# Momma Told me not to Come



## NeilYeag (Sep 12, 2016)

An adequate and reasonable back up inventory of scales, or the beginning of a hoard? Just like most of you all! AHHHH.

http://i1161.Rule #2/albums/q509/neil33ny/scales%204%20800x566_zpswvuagugs.jpg

Reactions: Like 3 | EyeCandy! 4 | Funny 4 | Way Cool 3


----------



## Nature Man (Sep 12, 2016)

Loads of potential there! Can't wait to see some completed knives. Chuck

Reactions: Like 1


----------



## NYWoodturner (Sep 12, 2016)

Just file it under "being prepared" Neil A mans gotta have choices right?  
Like Chuck I'm looking forward to seeing some of those finished!

Reactions: Agree 1


----------



## Schroedc (Sep 12, 2016)

I keep buying blades I haven't planned handles for. I think I've got about 40 blades right now....

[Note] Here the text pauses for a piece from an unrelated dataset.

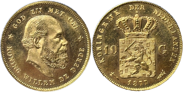 Des monnaies dans un de conservation fréquemment haut, il n’est pas rare de voir des monnaies superbes voir splendides. Nous pouvons ici apprécier la production hollandaise par la monnaie royale des Pays-Bas dans sa coupure de 10 florins ou gulden à l’effigie de Willem III.
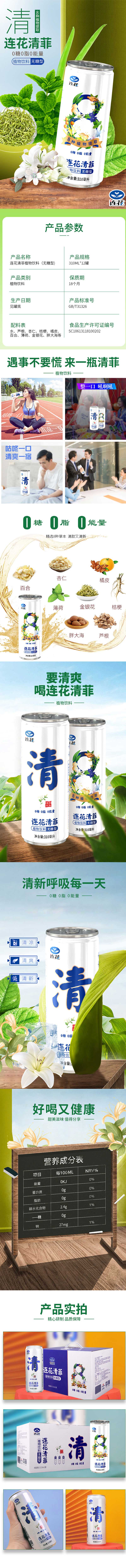 以岭莲花清菲植物饮料(无糖型)310mlx24罐/箱

Reactions: Like 1 | Way Cool 1


----------



## NeilYeag (Sep 12, 2016)

Working on a set of kitchen knifes first, something that I have not done before. So want to get those done and then all of them heat treated at the same time. Got to much stuff going on at the same time!

Reactions: Like 1


----------



## robert flynt (Sep 13, 2016)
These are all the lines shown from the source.